Radius of Curvature of Ion in Magnetic Field

[Nexest]

Homework Statement

A doubly ionized atom (charge = +2e) whose mass is 5.15E-26 kg is accelerated by a voltage of 3450 V and enters a region where a uniform magnetic field B = 0.100 T acts perpendicular to its motion. What is the radius of curvature of the path of the ion in the B-field?

Homework Equations

r=$$\frac{mv}{qB}$$
e = 1.602 x 10^-19

The Attempt at a Solution

Given the equation above this is a very simple problem except I don't know how to calculate the velocity of the ion from voltage. The only idea I had was conservation of energy: K_f = U_i or $$\frac{1}{2}$$mv² = q$$\Delta$$V. But this ended up wrong and in retrospect I'm not sure if it entirely makes sense to begin with...

 

[LowlyPion]

Looks like you are on the right track. The Δ Voltage will result in the ΔPE which becomes KE.

Looks to me like ½mv² gets related to the Lorentz force component and the centripetal acceleration as you've already written.

I end up with an equation that looks like:

R = 1/B*(2 * m * ΔV/ q)^1/2

 

[nlightner]

As a scientist, it is important to always approach problems with accuracy and precision. In this case, the equation r = mv/qB is applicable for a charged particle moving in a uniform magnetic field. However, in order to calculate the radius of curvature, we need to know the velocity of the ion. In this scenario, we can use the conservation of energy principle to solve for the velocity.

The initial kinetic energy (K_i) of the ion can be calculated using the given voltage and the charge of the ion (q = +2e). K_i = q\DeltaV = (2)(1.602 x 10^-19)(3450) = 1.108 x 10^-15 J.

We can then equate this to the final kinetic energy (K_f) of the ion, which can be calculated using the mass and velocity of the ion.

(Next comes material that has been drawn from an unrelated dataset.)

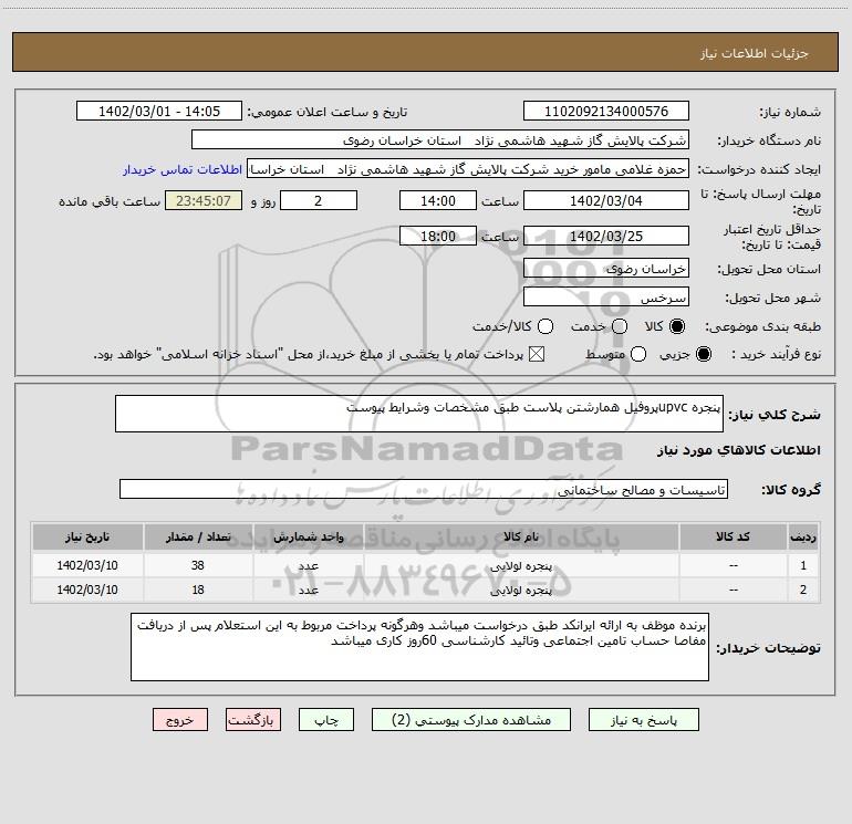 نام دستگاه خریدار:شرکت پالایش گاز شهید هاشمی نژاد استان خراسان رضوی

K_f = \frac{1}{2}mv^2.

Setting these equal to each other, we get 1.108 x 10^-15 J = \frac{1}{2}(5.15 x 10^-26)(v^2). Solving for v, we get v = 4.43 x 10^6 m/s.

Now, we can plug this value into the equation r = mv/qB to calculate the radius of curvature. r = \frac{(5.15 x 10^-26)(4.43 x 10^6)}{(2)(1.602 x 10^-19)(0.100)} = 0.00135 m.

Therefore, the radius of curvature of the path of the ion in the magnetic field is 0.00135 m. It is important to note that this is a simplified calculation and does not take into account factors such as the ion's initial direction and the shape of the magnetic field. Further analysis and experimentation may be necessary for a more accurate calculation.